There is no claim on the part of the defense there was any bad faith by the Peekskill or Albany Police Departments. Rather, defendant asserts that by reason of Albany’s failure to notify the Peekskill Police Department prior to defendant’s apprehension, his subsequent arrest and the accompanying search and seizure must fall. The prosecution counters with the argument that all police officers acted in good faith and the Peekskill authorities had ample probable cause under the teletyped notification of the arrest warrant received on March 25, 1980 to arrest defendant *836in the City of Peekskill and to search him as an incident to that arrest. The court would note that the delay in notification in this case is relatively brief — being only a part of one day.
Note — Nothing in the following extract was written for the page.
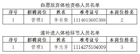 Beat365唯一官方网站2024年公开招聘工作人员进入体检政审环节共17人,其中1人自愿放弃体检资格。根据《Beat365唯一官方网站2024年公开招聘工作人员公告》有关规定,按综合成绩顺次递补1人进入体检环节。现将自愿放弃体检资格人员和递补人员名单予以公告。

Surprisingly there does not appear to be any case law directly in point. However, there are analogous decisions which are persuasive on this subject. In People v Lypka (36 NY2d 210) police authorities of Seneca County received a telephone communication on June 16, 1972 at 10:30 P.M. from a person who identified himself as a detective from the Lancaster, Pennsylvania, Police Department, advising them that weapons and stolen property were being transported in vehicles which were designated in detail, including a license plate number. A teletype message containing similar information was received earlier that evening by the State Police Headquarters in Albany. At 3:00 A.M. the following morning the suspect vehicles were observed by the Seneca police parked in front of defendant Lypka’s residence. The vehicles were thereafter searched and contraband and weapons seized. The Court of Appeals denied (supra, p 213) defendant’s request for suppression in the following language: “Preliminarily, we think that the police response to the telephone and teletype communications from the Pennsylvania authorities was reasonable and proper. A police officer is entitled to act on the strength of a radio bulletin or a telephone or teletype alert from a fellow officer or department and to assume its reliability. [Citing cases.] It follows that where the bulletin or alert, prima facie, furnishes probable cause, a reasonable search is permissible. In such circumstances the sender’s knowledge is imputed to the receiver and, when the receiver acts, he presumptively possesses the requisite probable cause to search.” (See, also, Bellows v State of New York, 30 AD2d 1019.)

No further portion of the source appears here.